Repeat the span of the entries below that starts at the line with "esign: It has" and ends at the line with "- Kariyawasam, K.K.;", nothing more. Skip the pictures.

• [Extracted entries]:
.....

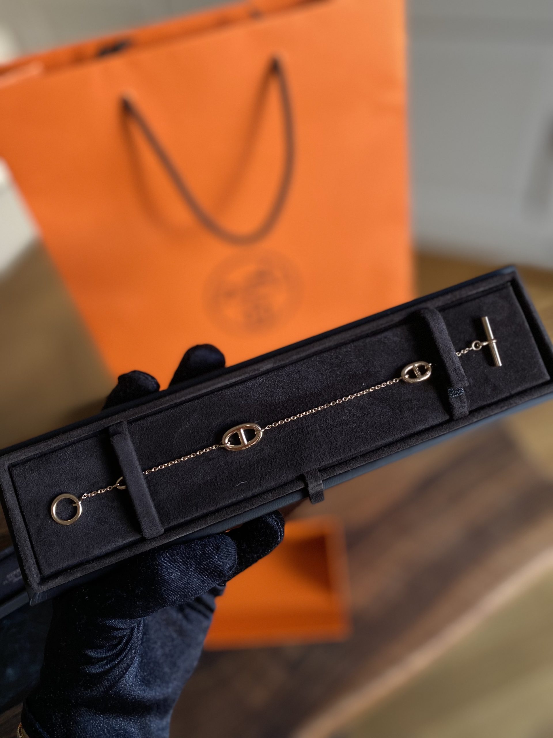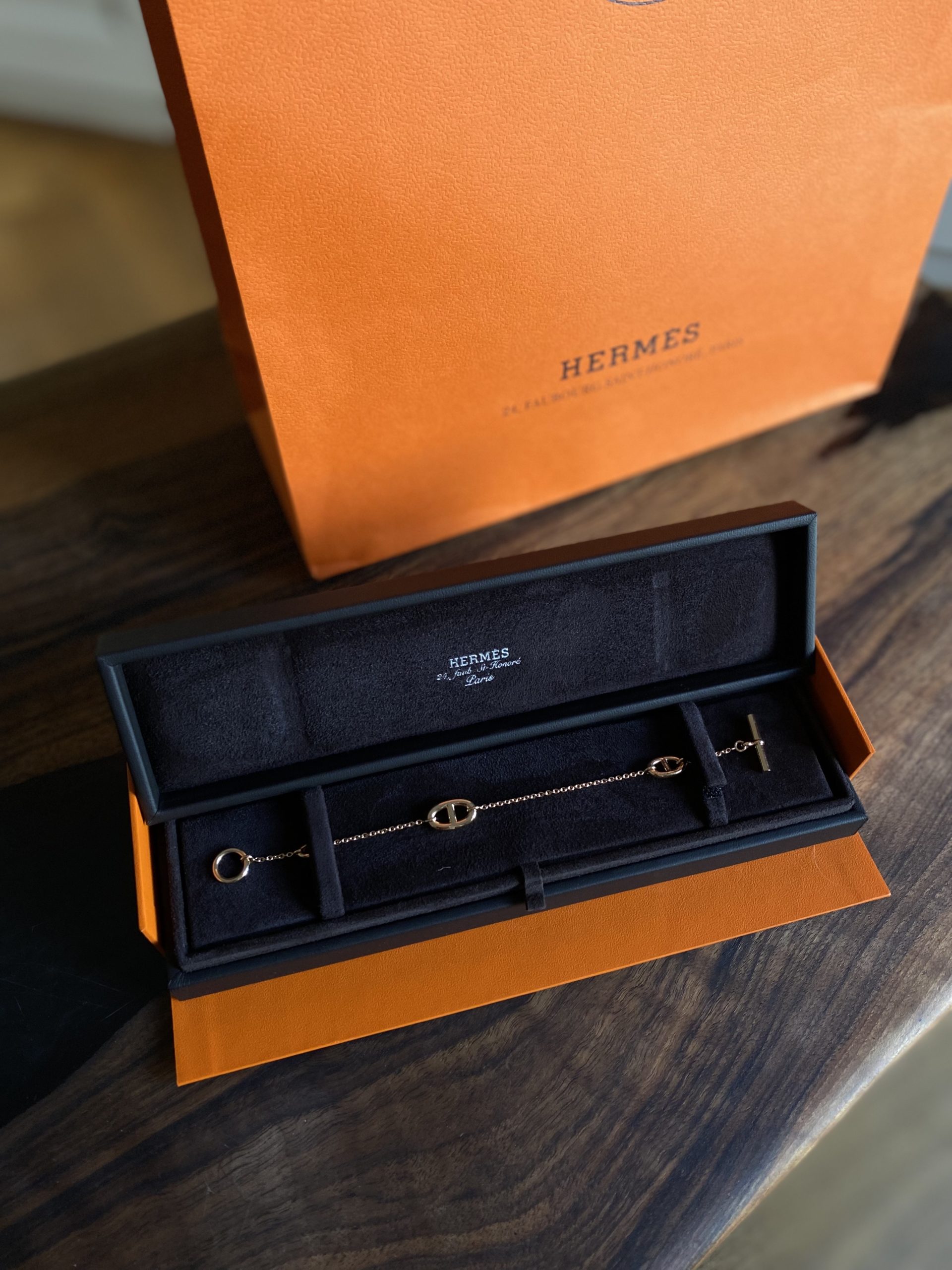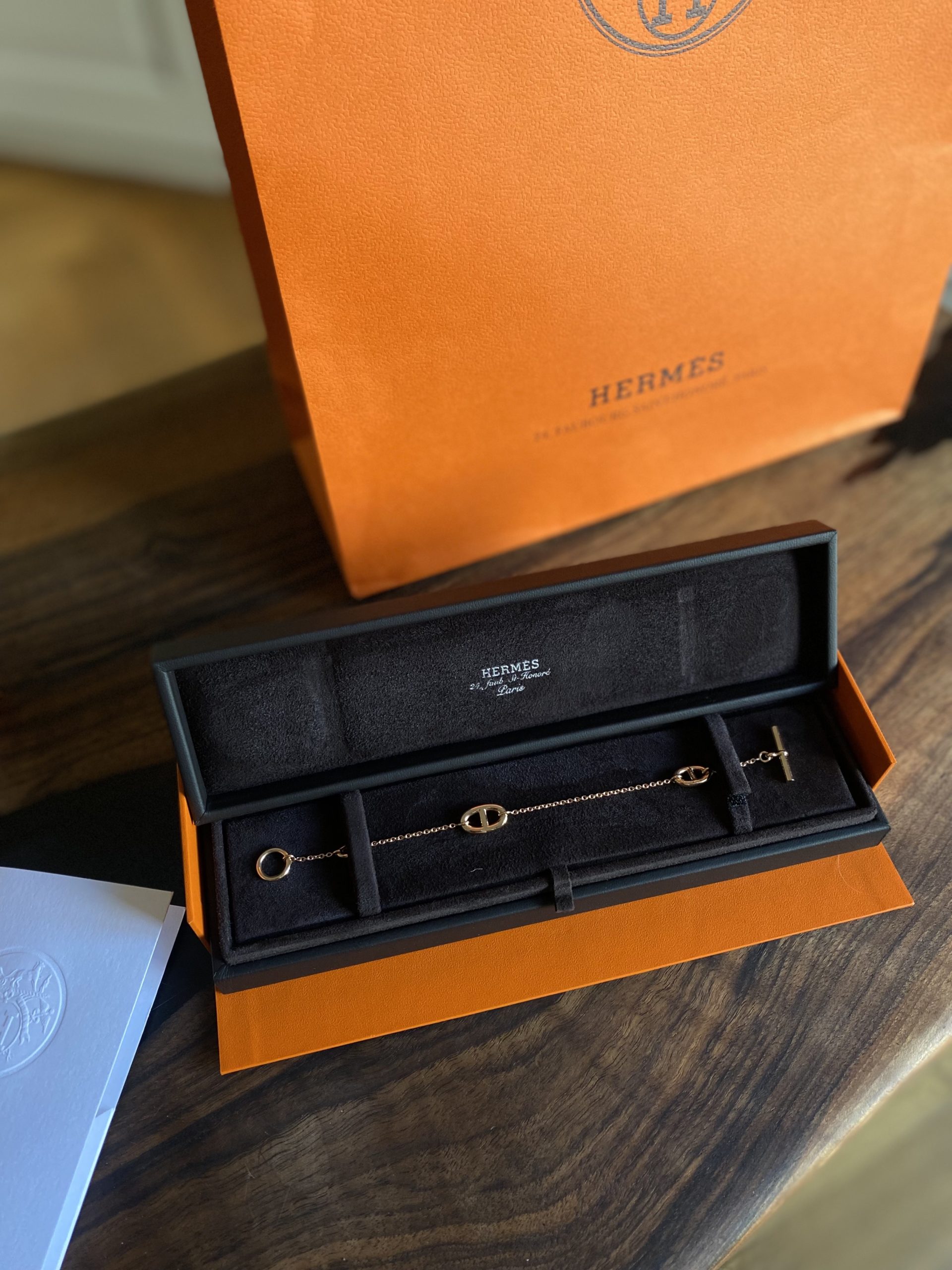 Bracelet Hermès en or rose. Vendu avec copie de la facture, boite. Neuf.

.....

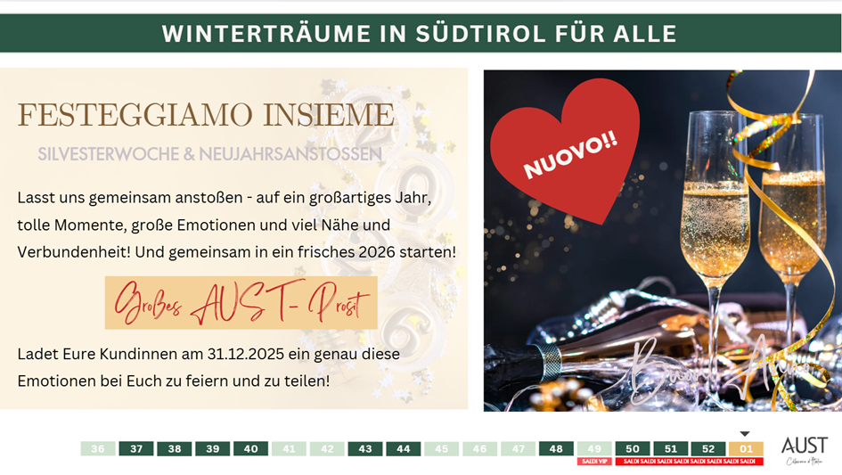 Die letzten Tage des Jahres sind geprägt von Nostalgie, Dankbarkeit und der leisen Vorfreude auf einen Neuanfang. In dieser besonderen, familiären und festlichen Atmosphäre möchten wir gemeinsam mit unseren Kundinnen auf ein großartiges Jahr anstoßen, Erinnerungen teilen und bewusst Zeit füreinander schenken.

.....

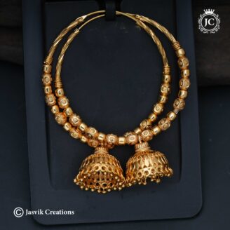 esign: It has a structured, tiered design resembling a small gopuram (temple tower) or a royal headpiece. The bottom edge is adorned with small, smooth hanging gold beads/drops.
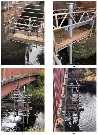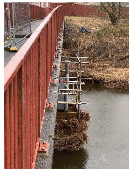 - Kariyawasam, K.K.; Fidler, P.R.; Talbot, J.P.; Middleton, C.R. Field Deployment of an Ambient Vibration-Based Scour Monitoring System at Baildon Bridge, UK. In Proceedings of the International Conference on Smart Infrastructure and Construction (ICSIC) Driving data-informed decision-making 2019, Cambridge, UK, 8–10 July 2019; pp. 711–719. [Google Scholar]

.....

• [Solution for this exercise]:
 esign: It has a structured, tiered design resembling a small gopuram (temple tower) or a royal headpiece. The bottom edge is adorned with small, smooth hanging gold beads/drops.
 - Kariyawasam, K.K.; Fidler, P.R.; Talbot, J.P.; Middleton, C.R. Field Deployment of an Ambient Vibration-Based Scour Monitoring System at Baildon Bridge, UK. In Proceedings of the International Conference on Smart Infrastructure and Construction (ICSIC) Driving data-informed decision-making 2019, Cambridge, UK, 8–10 July 2019; pp. 711–719. [Google Scholar]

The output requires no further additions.